[TASK OBJECTIVE] From the listing below, please restate exactly the lines beginning at the one with "香樟為樟科常綠喬木。樹勢高大" and ending at the one with "Сейчас вместо парашютных", both included, and skip the pictures.

[MATERIAL SUPPLIED]
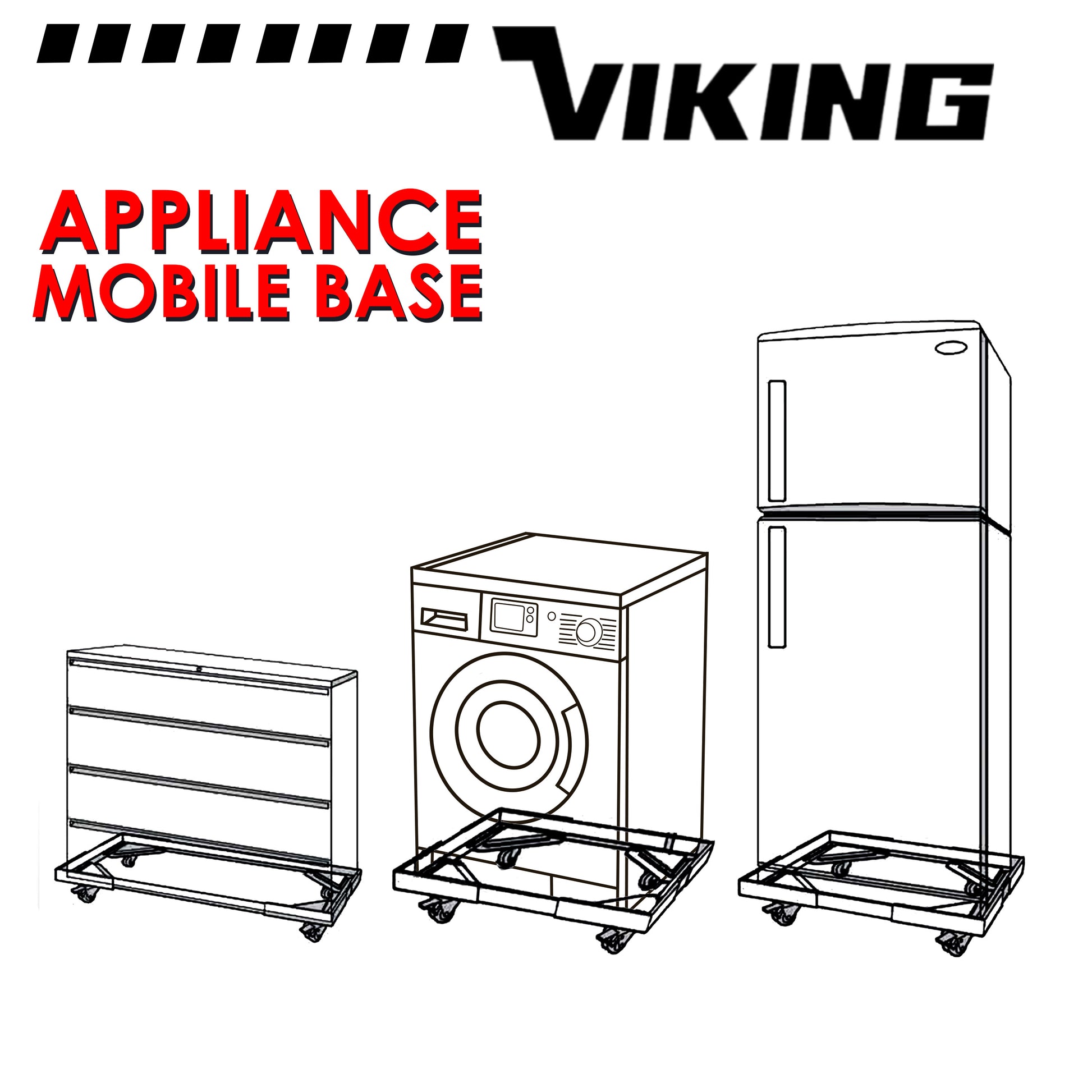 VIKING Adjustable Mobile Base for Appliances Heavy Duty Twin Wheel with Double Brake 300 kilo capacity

---

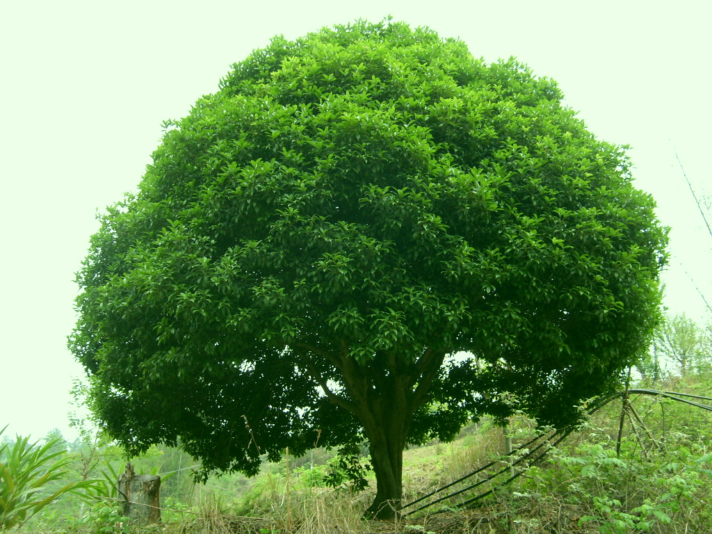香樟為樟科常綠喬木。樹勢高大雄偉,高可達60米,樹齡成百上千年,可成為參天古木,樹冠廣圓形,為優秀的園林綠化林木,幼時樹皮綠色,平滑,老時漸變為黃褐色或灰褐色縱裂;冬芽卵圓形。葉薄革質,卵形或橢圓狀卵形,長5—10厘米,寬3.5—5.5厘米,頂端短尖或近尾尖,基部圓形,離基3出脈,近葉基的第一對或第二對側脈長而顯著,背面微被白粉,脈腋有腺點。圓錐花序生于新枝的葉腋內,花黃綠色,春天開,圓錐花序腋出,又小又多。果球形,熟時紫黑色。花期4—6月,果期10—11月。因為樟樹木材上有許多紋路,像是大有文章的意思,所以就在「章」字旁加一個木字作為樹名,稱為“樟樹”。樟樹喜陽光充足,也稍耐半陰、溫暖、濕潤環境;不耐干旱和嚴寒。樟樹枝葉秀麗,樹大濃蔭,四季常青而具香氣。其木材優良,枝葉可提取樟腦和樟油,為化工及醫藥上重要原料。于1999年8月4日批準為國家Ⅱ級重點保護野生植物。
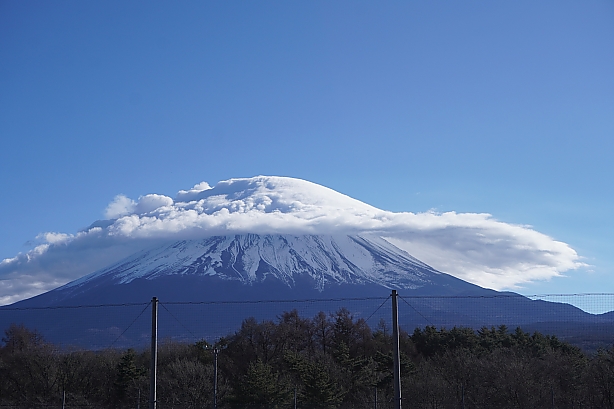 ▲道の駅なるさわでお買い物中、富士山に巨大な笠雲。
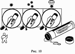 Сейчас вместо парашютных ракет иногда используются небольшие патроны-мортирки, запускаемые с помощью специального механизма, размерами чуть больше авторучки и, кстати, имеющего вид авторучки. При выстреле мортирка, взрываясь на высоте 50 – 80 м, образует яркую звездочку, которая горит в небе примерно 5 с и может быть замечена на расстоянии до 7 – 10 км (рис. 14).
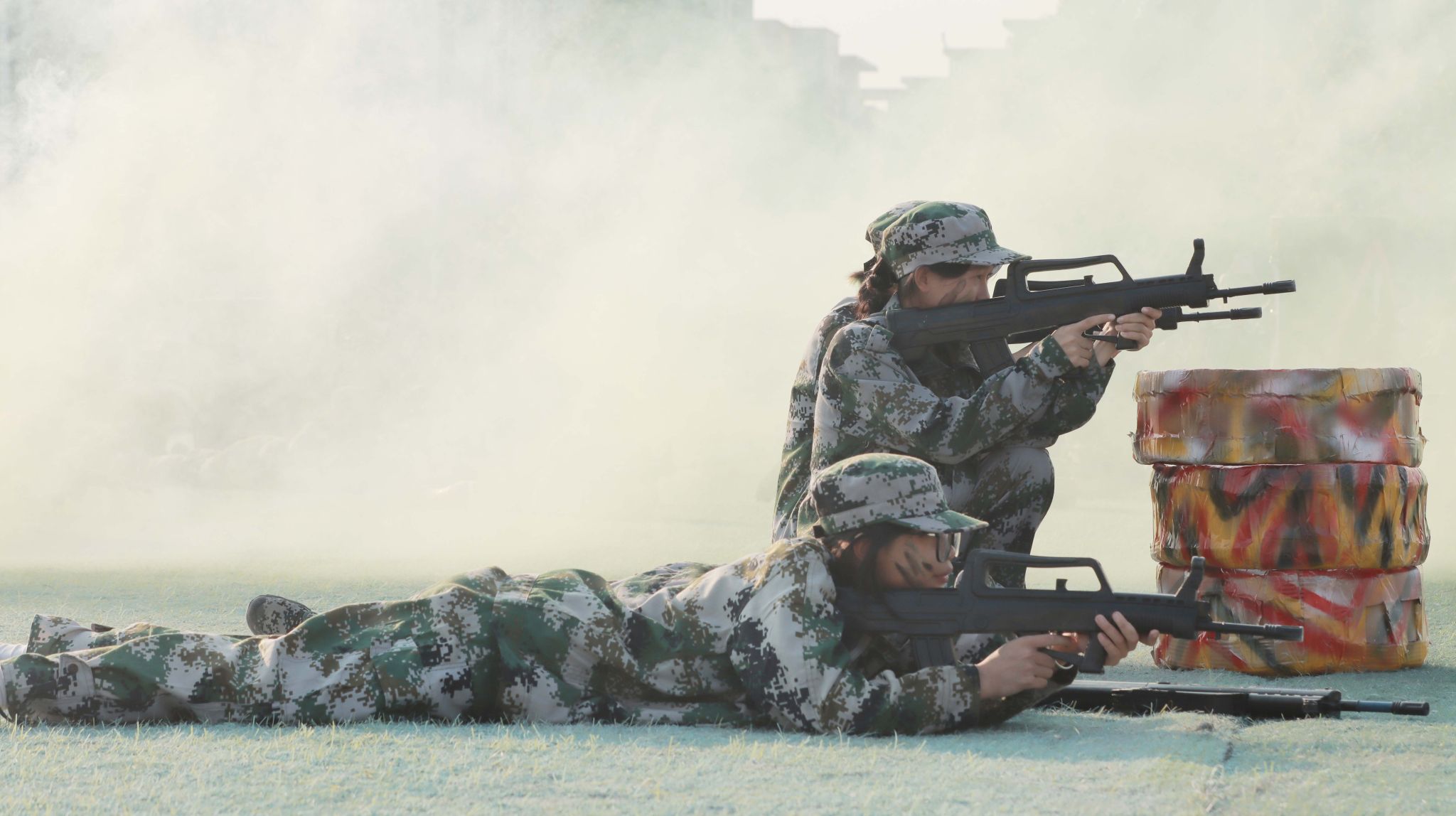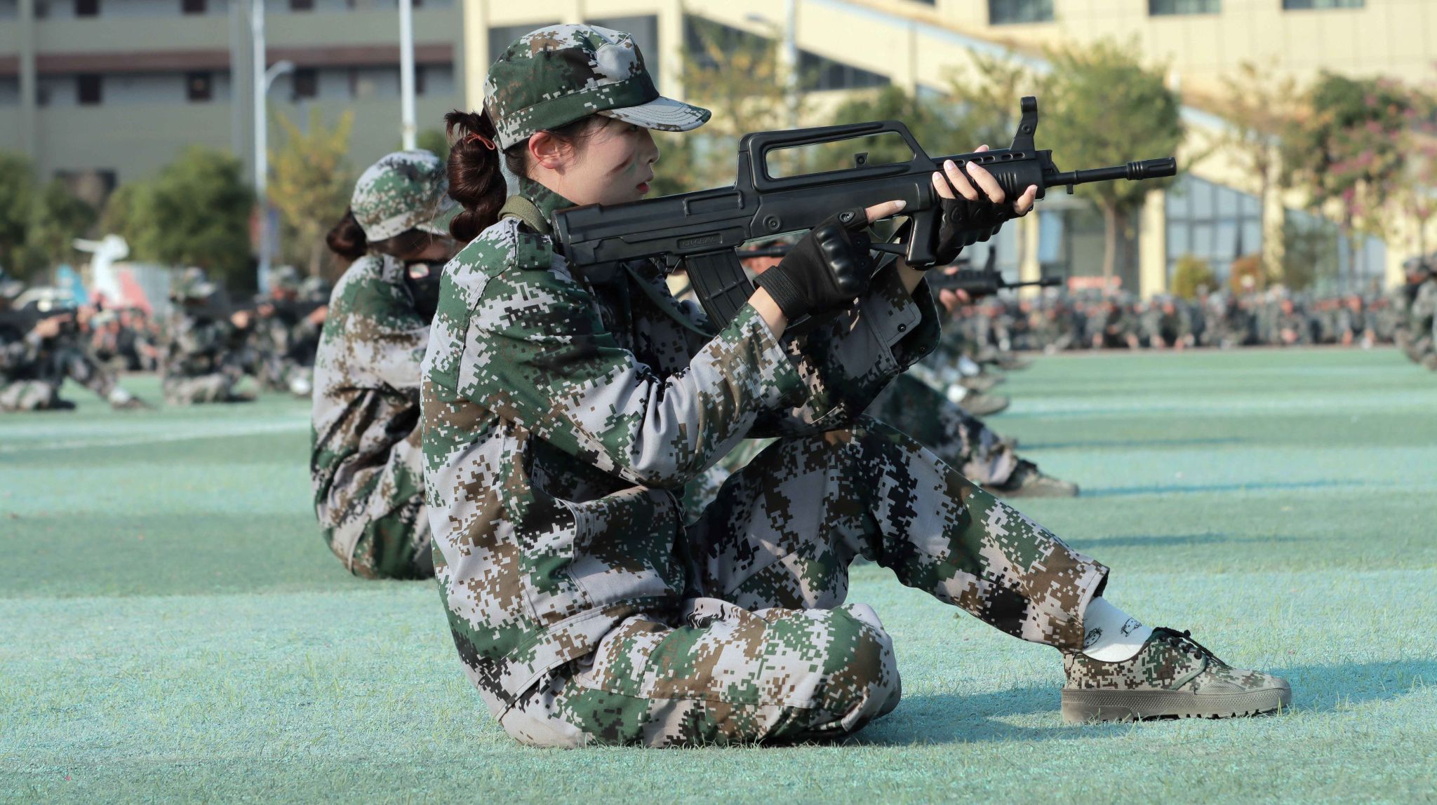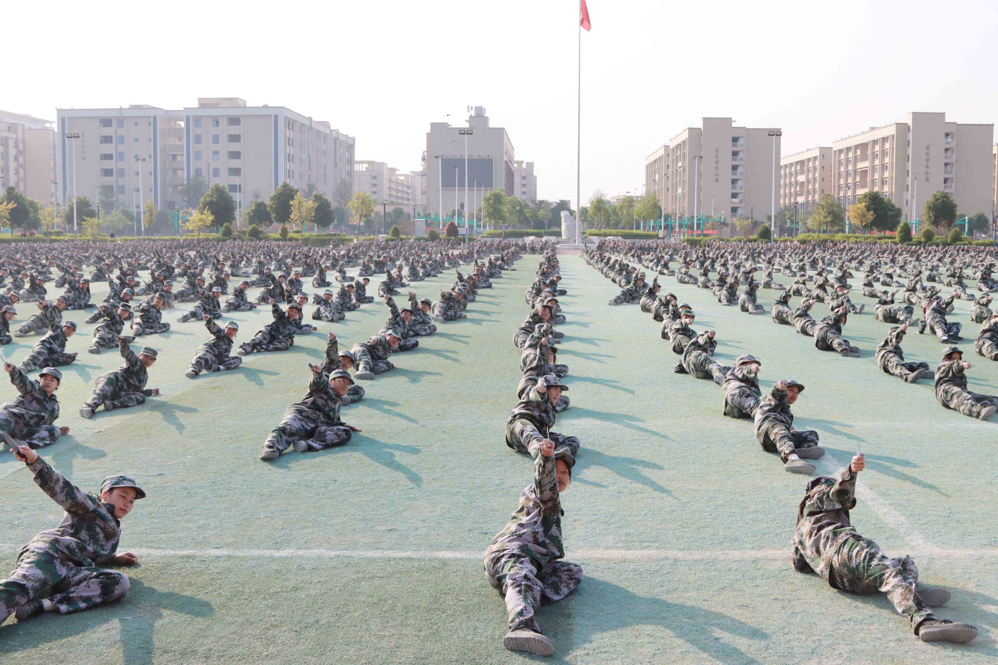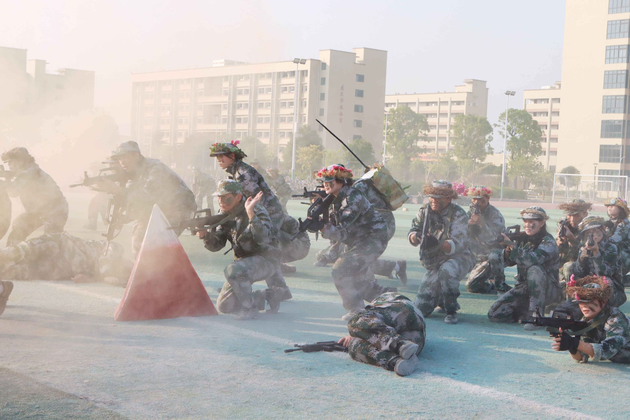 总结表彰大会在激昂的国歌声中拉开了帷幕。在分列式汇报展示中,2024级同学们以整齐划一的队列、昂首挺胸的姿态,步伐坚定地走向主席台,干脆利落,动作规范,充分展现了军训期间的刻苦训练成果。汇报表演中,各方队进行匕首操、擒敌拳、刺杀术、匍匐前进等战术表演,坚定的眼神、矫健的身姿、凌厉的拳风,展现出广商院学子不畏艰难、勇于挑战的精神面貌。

[TASK ANSWER]
香樟為樟科常綠喬木。樹勢高大雄偉,高可達60米,樹齡成百上千年,可成為參天古木,樹冠廣圓形,為優秀的園林綠化林木,幼時樹皮綠色,平滑,老時漸變為黃褐色或灰褐色縱裂;冬芽卵圓形。葉薄革質,卵形或橢圓狀卵形,長5—10厘米,寬3.5—5.5厘米,頂端短尖或近尾尖,基部圓形,離基3出脈,近葉基的第一對或第二對側脈長而顯著,背面微被白粉,脈腋有腺點。圓錐花序生于新枝的葉腋內,花黃綠色,春天開,圓錐花序腋出,又小又多。果球形,熟時紫黑色。花期4—6月,果期10—11月。因為樟樹木材上有許多紋路,像是大有文章的意思,所以就在「章」字旁加一個木字作為樹名,稱為“樟樹”。樟樹喜陽光充足,也稍耐半陰、溫暖、濕潤環境;不耐干旱和嚴寒。樟樹枝葉秀麗,樹大濃蔭,四季常青而具香氣。其木材優良,枝葉可提取樟腦和樟油,為化工及醫藥上重要原料。于1999年8月4日批準為國家Ⅱ級重點保護野生植物。
 ▲道の駅なるさわでお買い物中、富士山に巨大な笠雲。
 Сейчас вместо парашютных ракет иногда используются небольшие патроны-мортирки, запускаемые с помощью специального механизма, размерами чуть больше авторучки и, кстати, имеющего вид авторучки. При выстреле мортирка, взрываясь на высоте 50 – 80 м, образует яркую звездочку, которая горит в небе примерно 5 с и может быть замечена на расстоянии до 7 – 10 км (рис. 14).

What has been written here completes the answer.